Open desb42 opened 5 years ago

desb42 commented 5 years ago

looking at en.wikipedia.org-file-core.xowa (2019-03-01)

fsdb_thm has (potentially) multiple entries for an image at different file dimensions (and hence different filesizes) I wanted to check which images had the most different file dimensions and what amount of filespace they used I wrote this query

select d.tid, f.fil_name, d.cnt, d.mts "max size", d.sts "tot size", d.sts/d.cnt "avg" from fsdb_fil f
join 
(select c.tid, count(*) cnt, max(thm_size) mts, sum(thm_size) sts from
(select thm_owner_id as tid, thm_id, thm_size from fsdb_thm 
) c
group by c.tid ) d on d.tid=f.fil_id
where d.cnt > 4
order by d.cnt desc

With the cutoff of a minimum of 5 different sizes there are 56,683 images Summing up the count (cnt) gives 391,830 entries in fsdb_thm total space used 5.47Gb

Would it be reasonable to suggest that only the largest needs to be stored? That is, always serve the largest file regardless of the other (smaller) dimensions desired (the browser should scale the image appropriately)

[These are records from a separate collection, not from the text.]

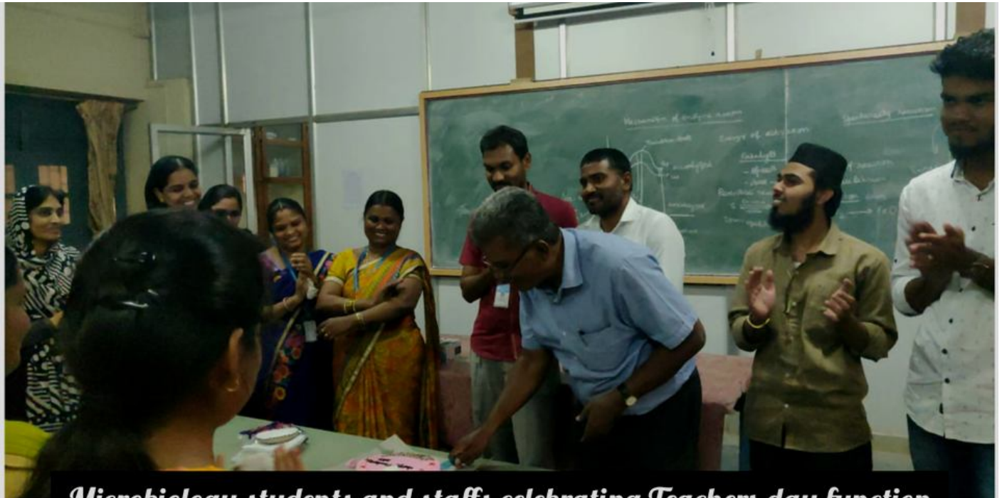
Microbiology students and staffs celebrating Teachers day function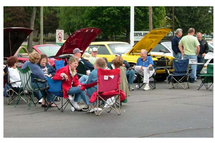
It was a good day for visiting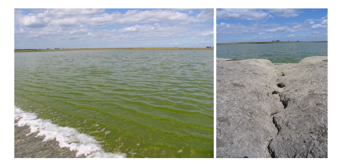
Fig. 1. The particular color observed at Movila Miresei Hypersaline Lake. The physical aspect of the lake was recorded in photo images using a digital camera Canon PowerShot model Pro 1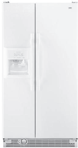
Kenmore 25.1 cu. ft. Side by Side Refrigerator, w/Ice/Water Dispenser, White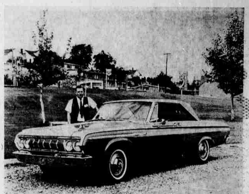
the new Plymouth Fury hardtop model. The new model features a redesigned front end and fenders with a massive front bumper and a wider grille. James is shown with the new Plymouth parked adjacent to Veterans Memorial Park. All new models are now available at Jim Olson Motors.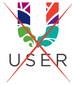
Do not use the logo without baseline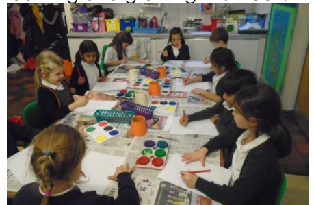
Y1 Art - Picasso

The children have been busy learning and growing this week.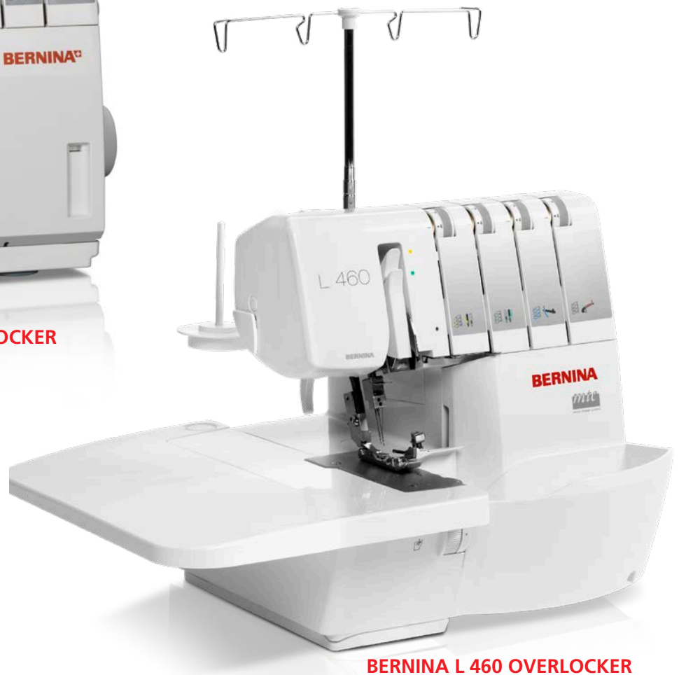
BERNINA L 460 OVERLOCKER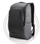
Lenovo Legion 15.6" Recon Gaming Backpack

* Example of Lenovo Legion catalogue naming convention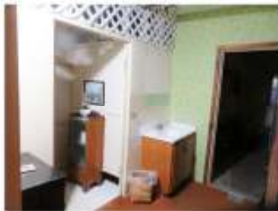
Before above and ... After below!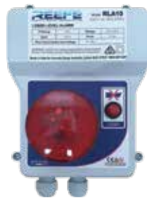
REEFE Liquid Level Alarm (RLA10)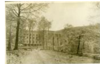
The path to Lee Hall (2003.7.1.03)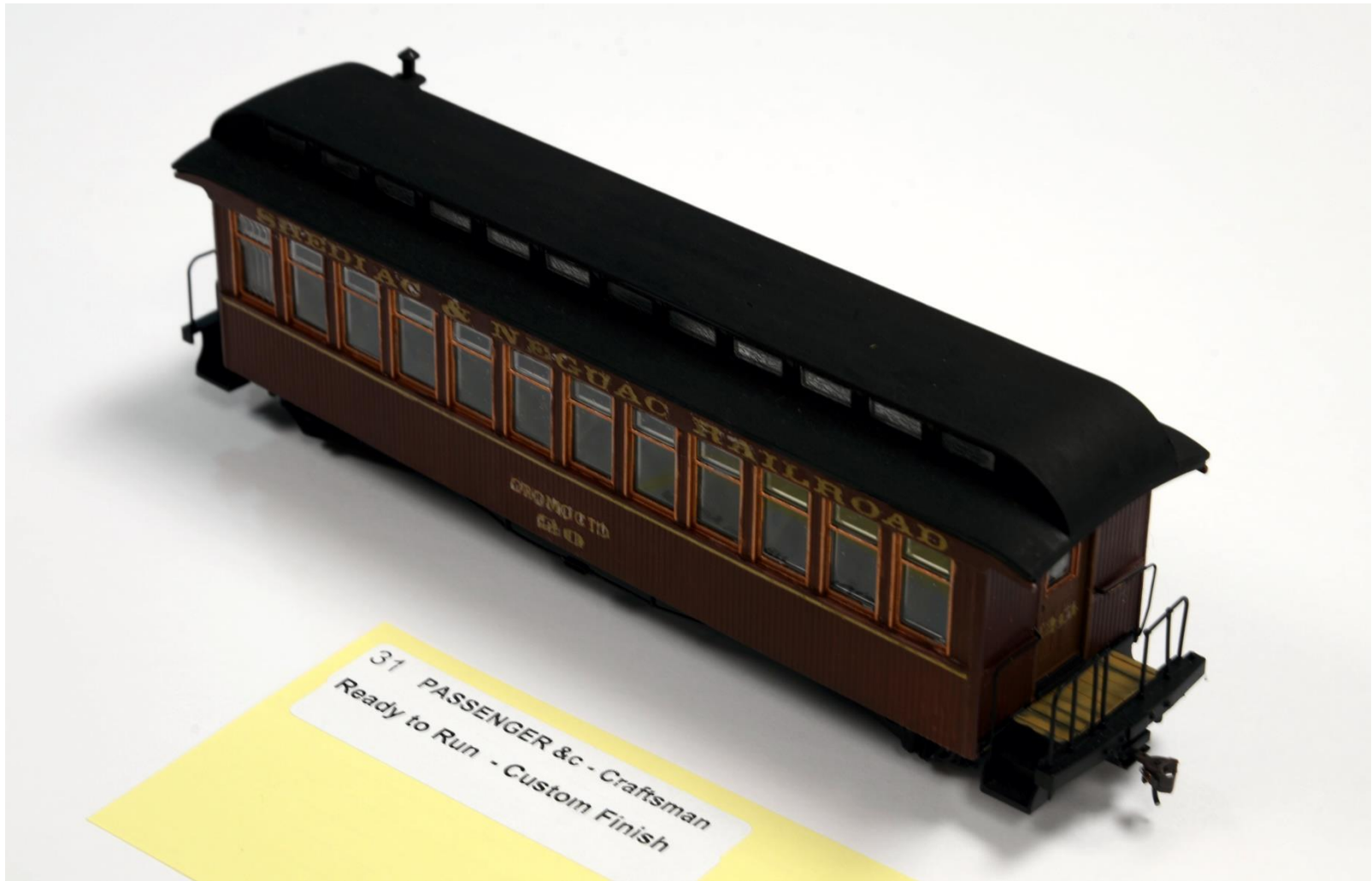
Craftsman Class - 2 nd Passenger – Pierre Lanctot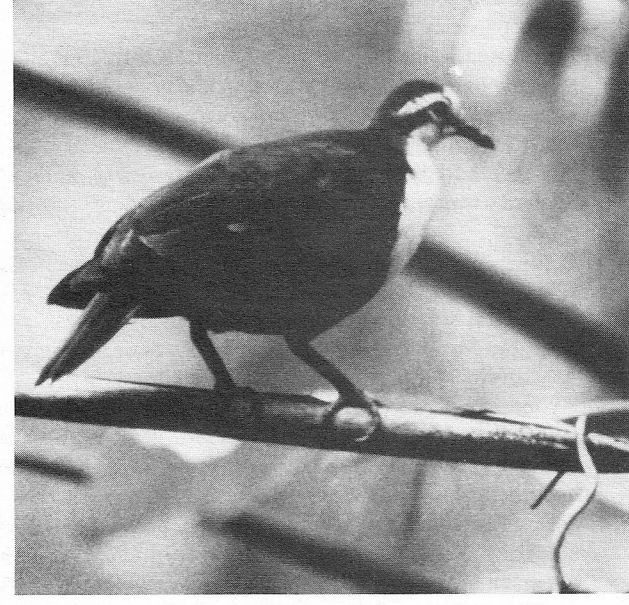
Caroline Islands Ground-Dove. Pohnpei. June 1983. Photo by P. Pyle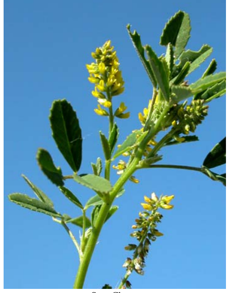
Sour Clover Melilotus indica Introduced Annual-Biennial Pea Family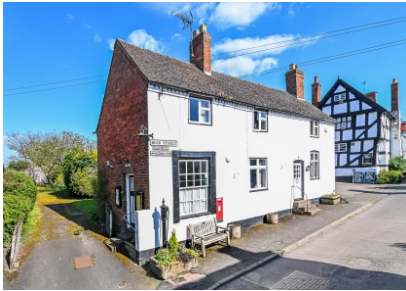
The Old Post Office, High Street, Claverley, Wolverhampton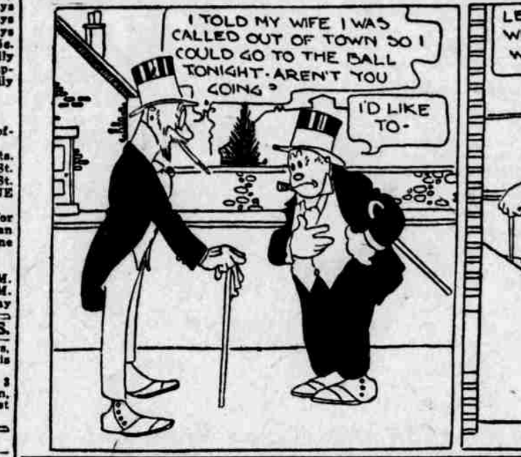
6-27 © 1921 by INT'L FEATURE SERVICE, INC.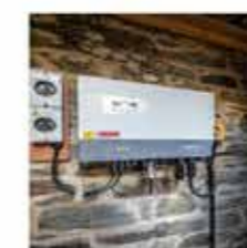
Solar PV Battery Storage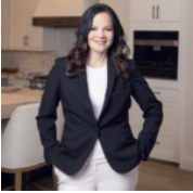
Sarah Adashun Jones, Inc.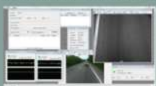
ROMDAS Data Acquisition In Vehicle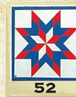
"Stars within a Star" 307 East Main, Waverly Barbara Dillon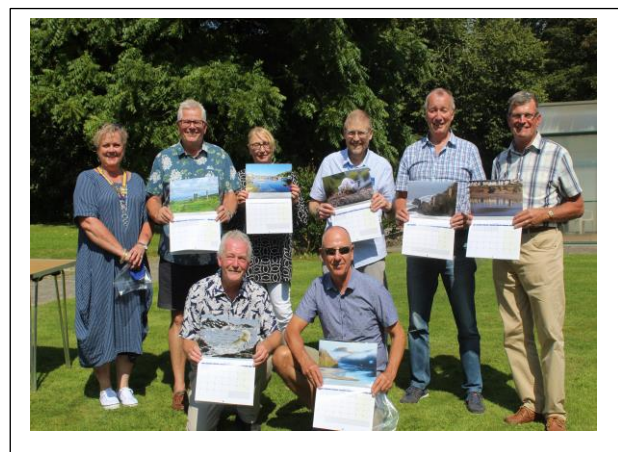
The Lucky Winners.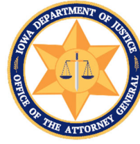
BRENNA BIRD ATTORNEY GENERAL STATE OF IOWA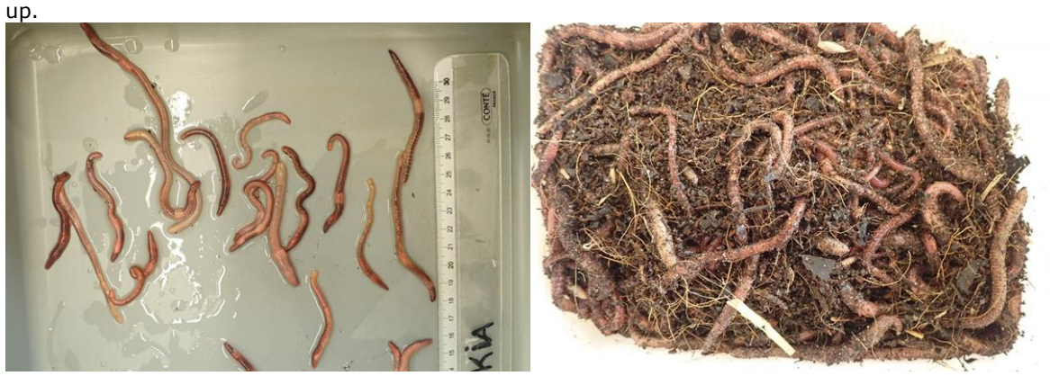
Figure 2 Worm sizes at the start (left) and in the transport material (right)

Worms (Figure 2) were a mix of Eisenia fetida and Dendrobaena veneta in a ratio of ~8:2 and had been purchased from WormsSystems (Oostwold, the Netherlands). Worm soil/compost was also obtained from the same supplier and used for creating a bottom layer in the composter at the start-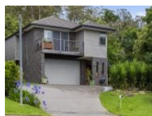
Picton 301A Argyle Street

Nestled In The Picturesque Town of Picton Nestled in the picturesque town of Picton, where the beauty of tree-lined streets meets a spectacular semi-rural backdrop, 301A Argyle Street invites you.. Paul Vella 02 4677 1488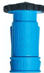
LARGE BODY 1.1/4" and 1.1/2" BSP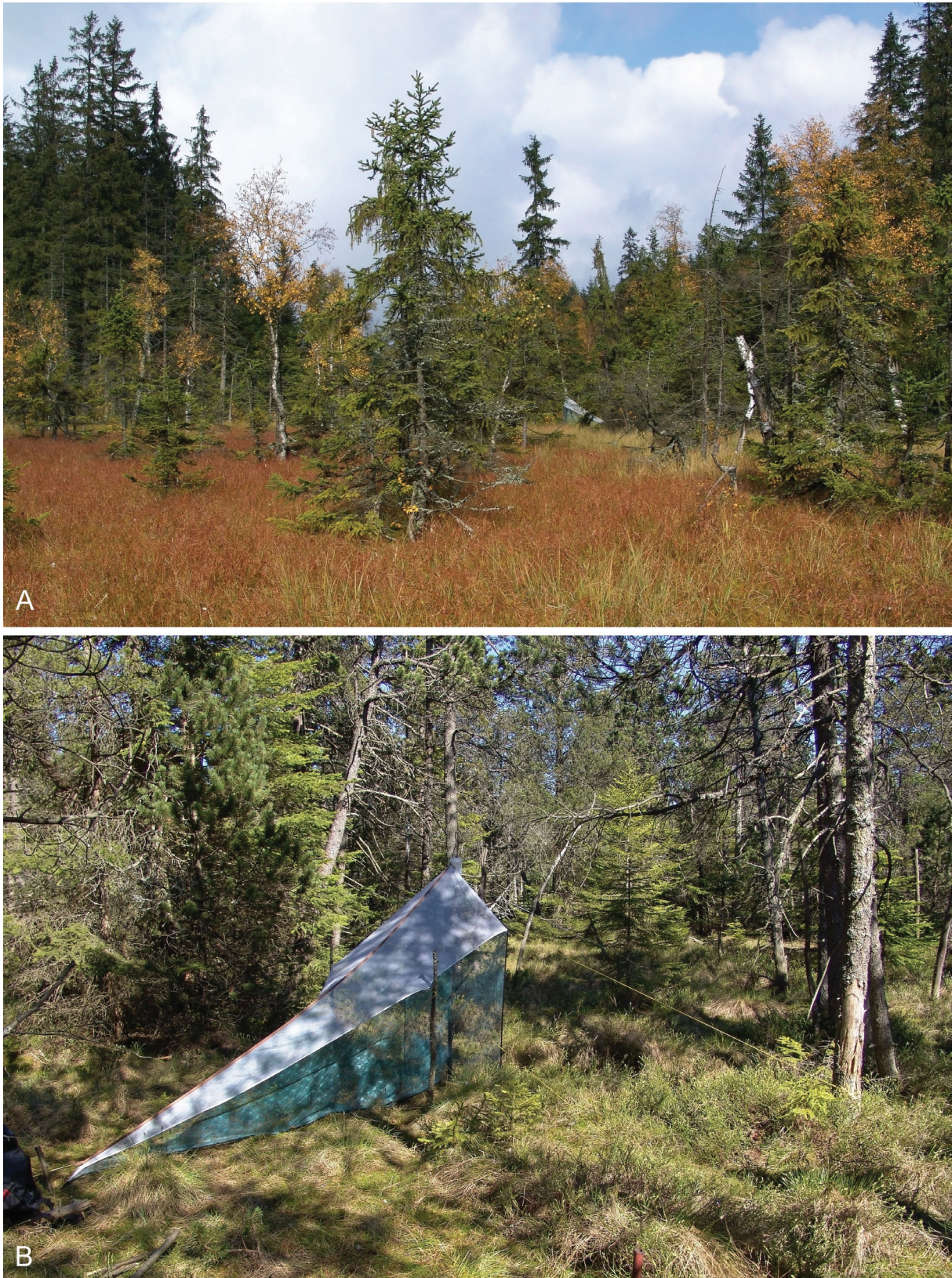
Fig. 1. Sampling localities. A. Rejvíz peat-bog (Czech Republic) with a Malaise trap used in 2004. A well preserved postglacial peat-bog with Pinus rotundata growth. B. Rejvíz peat-bog with the Malaise trap used in 2005.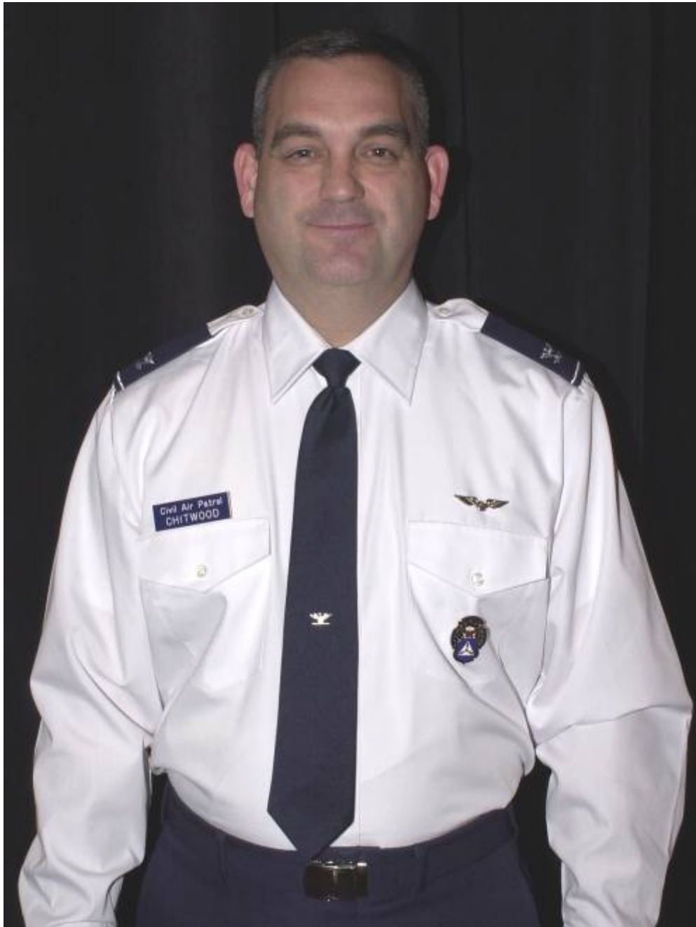
New CAP Distinctive Uniform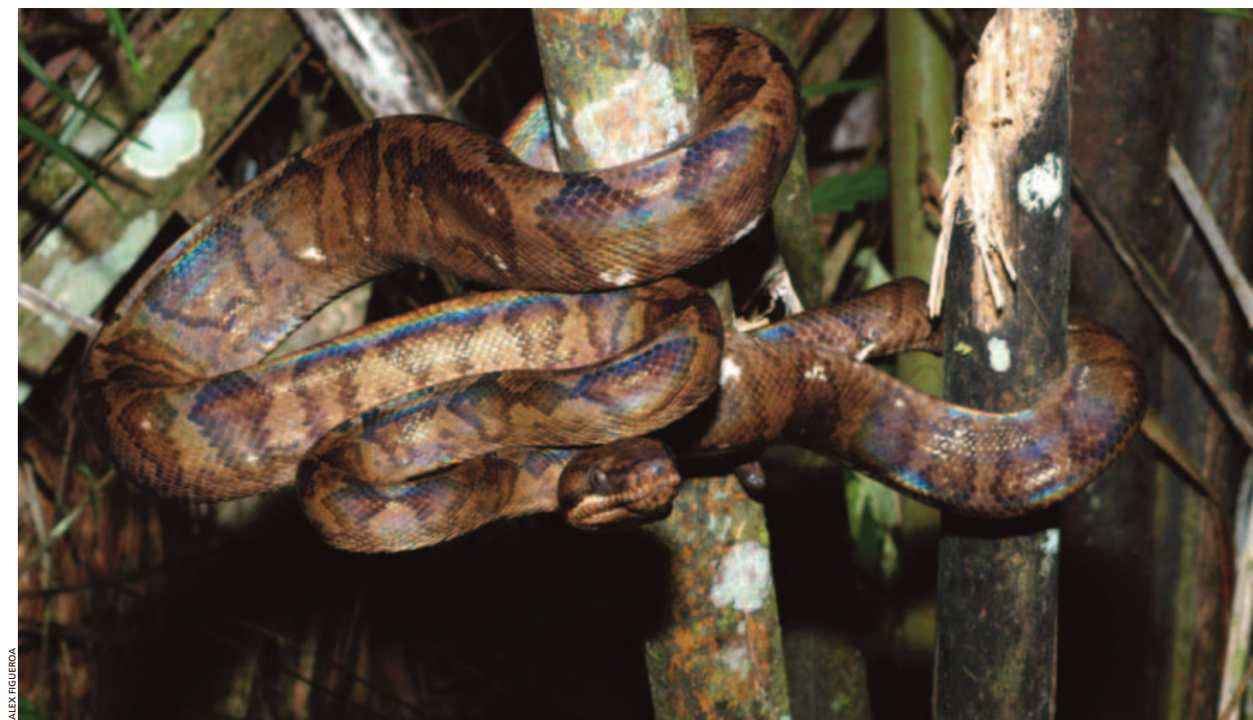
Fig. 3. Corallus annulatus from the Caño Palma Biological Station.

In that case, if only the largest is stored then the space would be 1.65Gb (in this case a saving of approx 4Gb)

These are the results of the query query.zip

On a separate note the first two results seem to be for the same image Flag_of_the_United_States.svg but they have different fil_ids 846 and 506149

gnosygnu commented 5 years ago

Thanks. That's a useful query to have.

I'd like to reduce disk space, primarily so it would make file upload / download easier. 5 GB is significant too.

[Oops. Premature comment]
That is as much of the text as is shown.